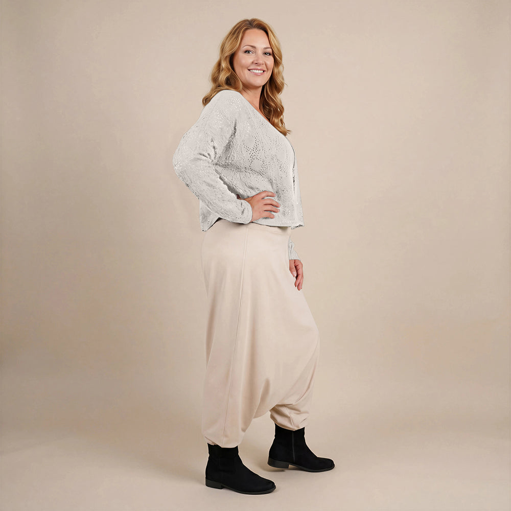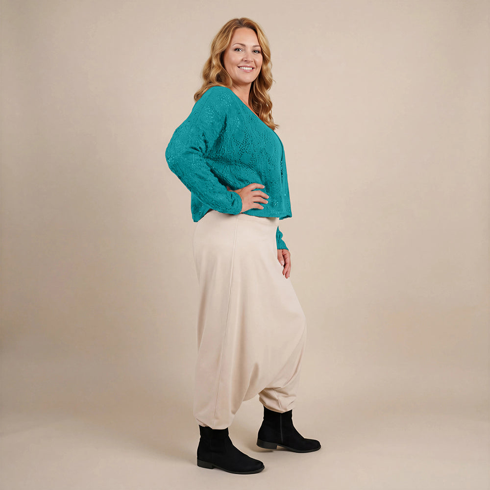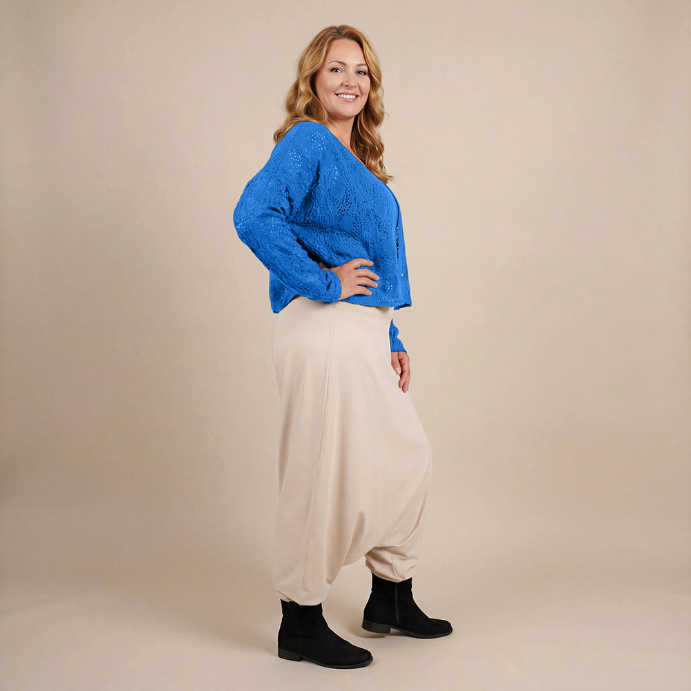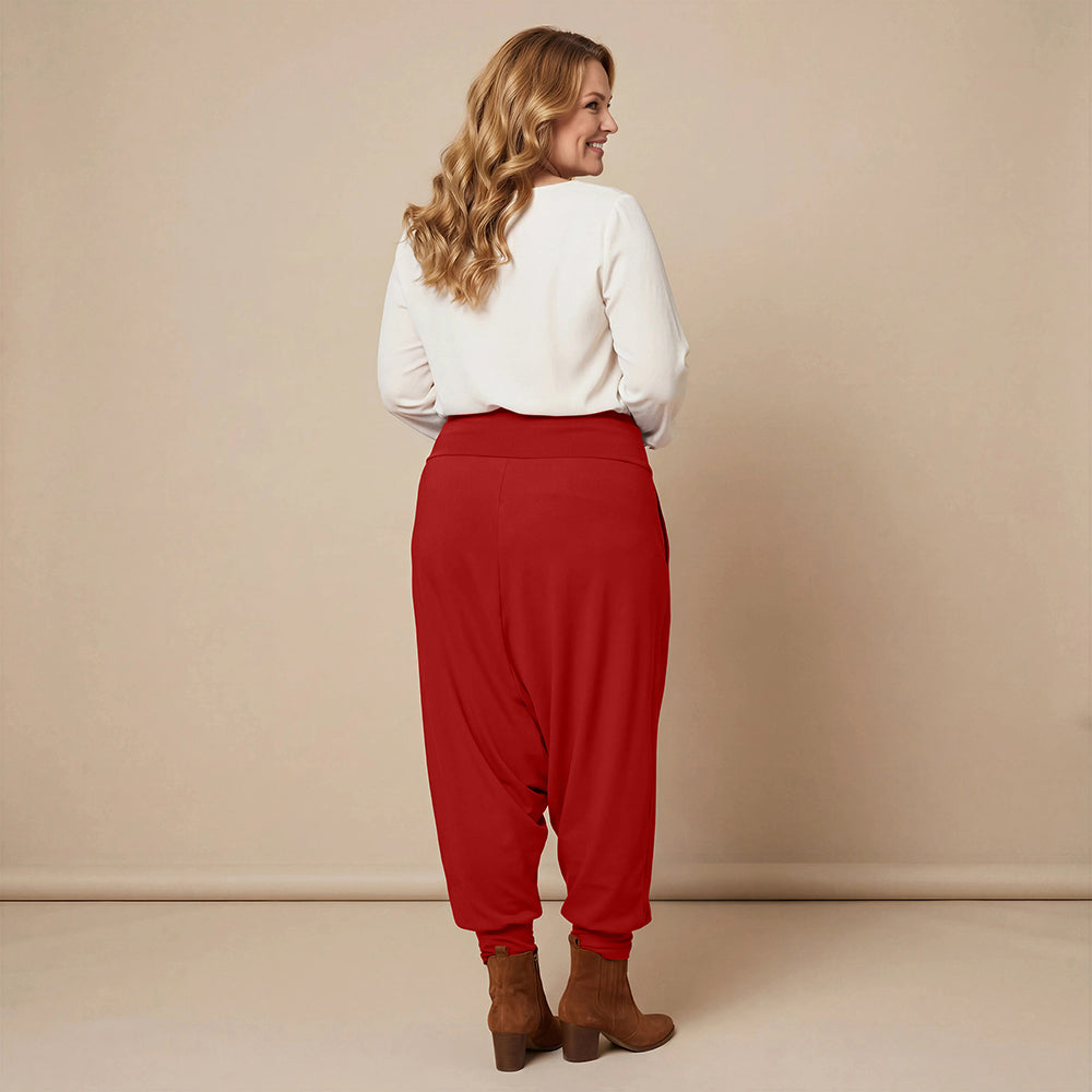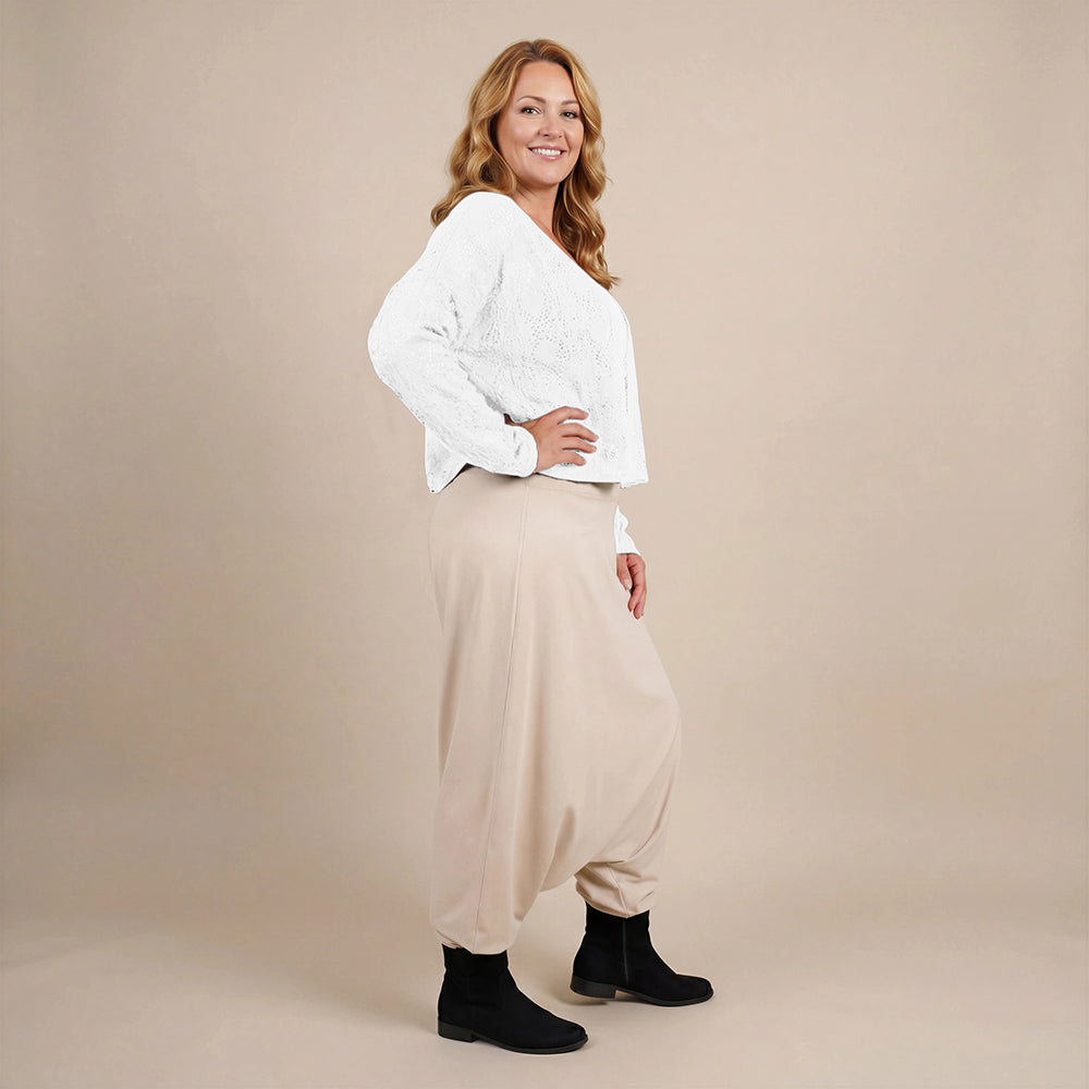 - Pasvorm: haremmodel met brede tailleband en boorden onderaan (ruim vallend)
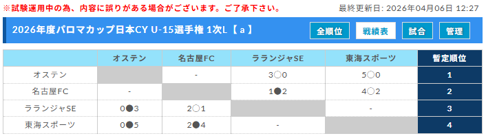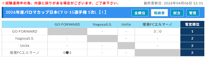 近々にリーグ表など準備させていただきます。
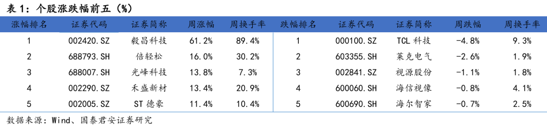 个股中,涨幅前五名是毅昌科技、倍轻松、光峰科技、禾盛新材、ST德豪;跌幅前五名是TCL科技、莱克电气、视源股份、海信视像、海尔智家。
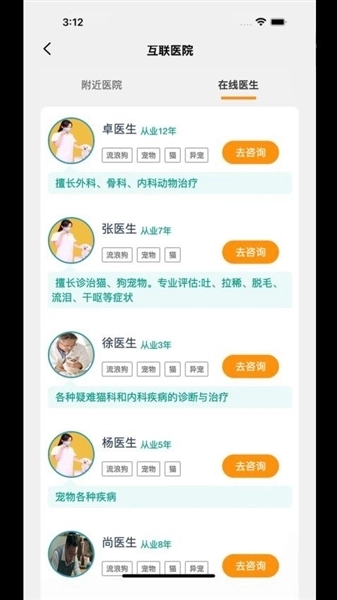 寻找各个科室的宠物医生并对宠物的健康问题进行咨询。
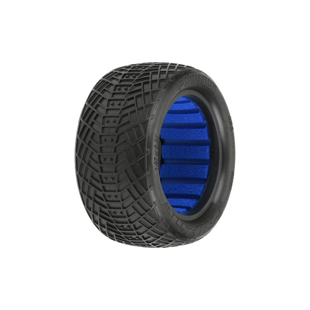 Gumiabroncsok Pro-Line Positron 2.2" Off-Road Buggy - hátsó, 1:10-es RC modellautókhoz. Méretek: ø85x42 mm. M4 keverék (szuper lágy). Zárt cellás betét.
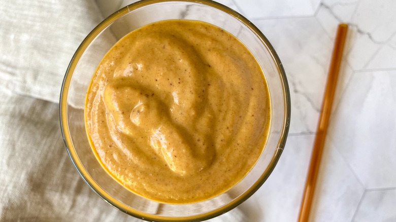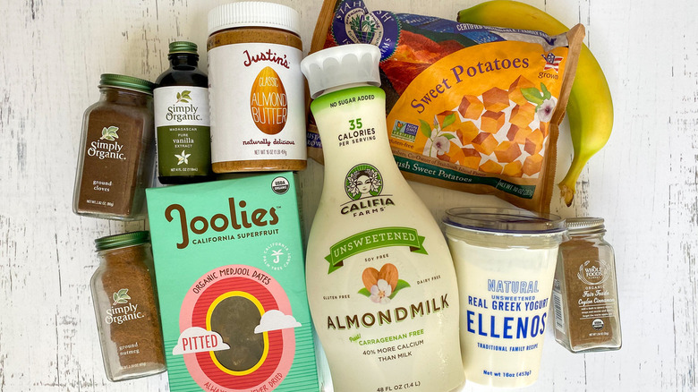 Given how quick and easy this sweet potato recipe is, it will probably take you longer to pick up the ingredients than to make it. Start in the fruit and vegetable aisles at your local store by picking one sweet potato, some dates, and a bunch of bananas (although you'll only need one for this recipe). Instead of cubing a fresh sweet potato, MacLean suggests "[purchasing] already-cubed and frozen sweet potato, however if one was using a fresh sweet potato, I would cube it, steam it, and then freeze it until ready for use." MacLean approximates half of a sweet potato would equal about a cup. For the dates, MacLean suggests Medjool dates as "they tend to be sweeter and add a wonderful caramel flavor."
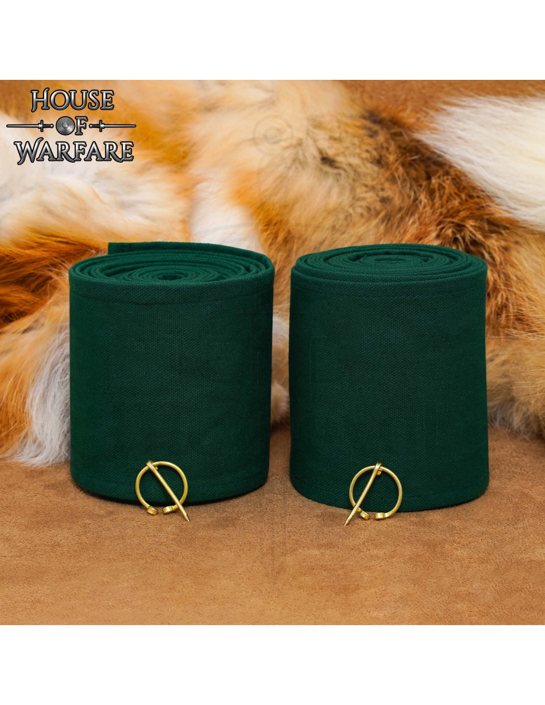 Hergestellt aus einem dunklen grünen, groben Stoff mit sichtbarer Textur, werden die Winingas eingerollt und teilweise abgerollt präsentiert, damit du sowohl die Breite als auch die Qualität des Materials schätzen kannst. Wenn du sie anlegst, wirst du spüren, wie sie das Wadenbein umschließen, Halt und Schutz bieten, ohne die Atmungsaktivität einzuschränken. Die Bronzenadeln mit kreisförmigem Design und zentralem Stift fixieren sicher und halten alles während langer Reenactment-Tage oder Veranstaltungen an seinem Platz.

**WHAT IS EXPECTED:** Give back each entry verbatim but drop its pictures.

**OUTPUT OF THE TASK:**
 - Pasvorm: haremmodel met brede tailleband en boorden onderaan (ruim vallend)
 近々にリーグ表など準備させていただきます。
 个股中,涨幅前五名是毅昌科技、倍轻松、光峰科技、禾盛新材、ST德豪;跌幅前五名是TCL科技、莱克电气、视源股份、海信视像、海尔智家。
 寻找各个科室的宠物医生并对宠物的健康问题进行咨询。
 Gumiabroncsok Pro-Line Positron 2.2" Off-Road Buggy - hátsó, 1:10-es RC modellautókhoz. Méretek: ø85x42 mm. M4 keverék (szuper lágy). Zárt cellás betét.
 Given how quick and easy this sweet potato recipe is, it will probably take you longer to pick up the ingredients than to make it. Start in the fruit and vegetable aisles at your local store by picking one sweet potato, some dates, and a bunch of bananas (although you'll only need one for this recipe). Instead of cubing a fresh sweet potato, MacLean suggests "[purchasing] already-cubed and frozen sweet potato, however if one was using a fresh sweet potato, I would cube it, steam it, and then freeze it until ready for use." MacLean approximates half of a sweet potato would equal about a cup. For the dates, MacLean suggests Medjool dates as "they tend to be sweeter and add a wonderful caramel flavor."
 Hergestellt aus einem dunklen grünen, groben Stoff mit sichtbarer Textur, werden die Winingas eingerollt und teilweise abgerollt präsentiert, damit du sowohl die Breite als auch die Qualität des Materials schätzen kannst. Wenn du sie anlegst, wirst du spüren, wie sie das Wadenbein umschließen, Halt und Schutz bieten, ohne die Atmungsaktivität einzuschränken. Die Bronzenadeln mit kreisförmigem Design und zentralem Stift fixieren sicher und halten alles während langer Reenactment-Tage oder Veranstaltungen an seinem Platz.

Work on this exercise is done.